Postpartum everything can be very hard for women. Why don’t we talk about this more? Could it be that we’re too afraid as humans to open up about the trauma that women endure as a result of childbirth? Part of it might be that if we were honest about it, women wouldn’t do it and we all know the patriarchy can’t risk that.
That is what women go through: physical and emotional trauma. All while being expected, in America, to jump right out of bed to care for everyone they know, get back to work in mere weeks (if that’s their situation), look like an airbrushed magazine cover with little to no sleep, and be charming, doting, smiling. Meanwhile, your whole world has been upheaved and you’re responsible for another human’s life. Is the fear that if we all know what’s about to fucking destroy us, that we’d hesitate to procreate? Is this a weird instinctual lie we harbor?

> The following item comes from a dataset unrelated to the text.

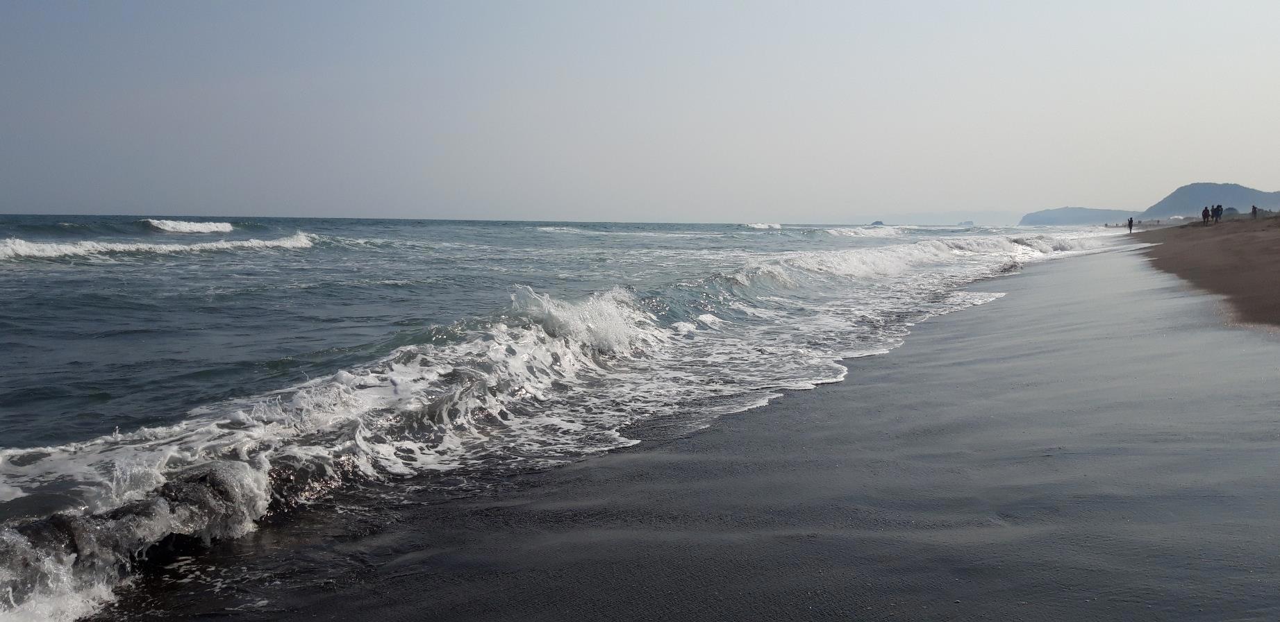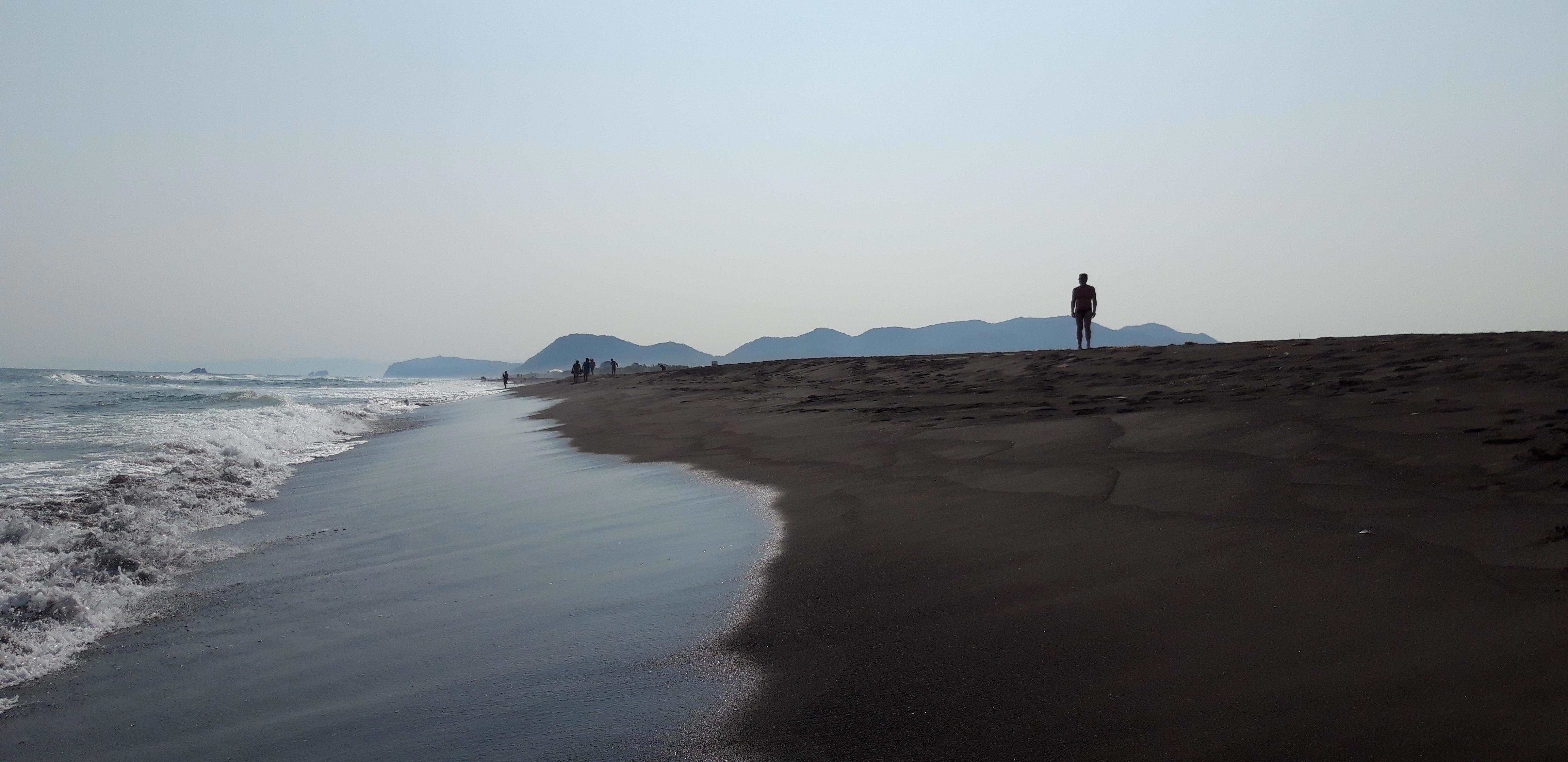 Но если уж собрались ехать, то поездка будет не долгой, от дома километров 20, полчаса, и мы уже там. Песок черный, древний вулканический, его здесь добывают для нужд города, посыпают зимой дороги, видок у города неприглядный от этого, грязный.

I honestly don’t know, but I think that the tide is beginning to shift. Social media and the internet have created the perception of a vast garden of perfection. Yet, as we all know, no one is perfect. The tide is shifting, and the average person is fighting back, using social media to showcase more and more reality.
Celebrities have jumped in too. Amy Schumer has been refreshingly honest about her newly earned postpartum status. And that pumping photo? It definitely triggered memories for any woman anywhere that’s pumped; you feel like a dairy cow. I, for one, have enjoyed seeing this openness.
That led me to talk to the moms I know. They’ve shared with me harrowing stories of their postpartum journeys. They’ve faced medical conditions I was unaware were even possible after giving birth. Conditions we just don’t learn about or talk about. These women are amazing mothers and, like so many of us, silently struggled with postpartum life.
In this time of men policing women’s bodies, it’s crucial to keep the dialogue open on the truths of women’s postpartum health.
Crossing my legs didn’t keep my son from being born. They wheeled me to a room and broke my water bag, another thing I didn’t know was possible. I thought it would just burst on its own, bringing on a panic of fluid and contractions and immediate crowning. Twelve hours after being wheeled across that very quiet empty tiled hallway to my room, I gave birth. Then about four years later, I was back in that hospital doing it all over again.
Birth is traumatic, and that’s the brutal truth. If you want your “mini-me” (or several) running around, it’s the price you may pay. But that truth doesn’t have to be relegated to a dark corner. Talking about it openly and honestly won’t deter women choosing to give birth. If anything, it will arm a whole generation of women with the pertinent information they need to be brave and strong and ready to face the uphill battle of postpartum recovery.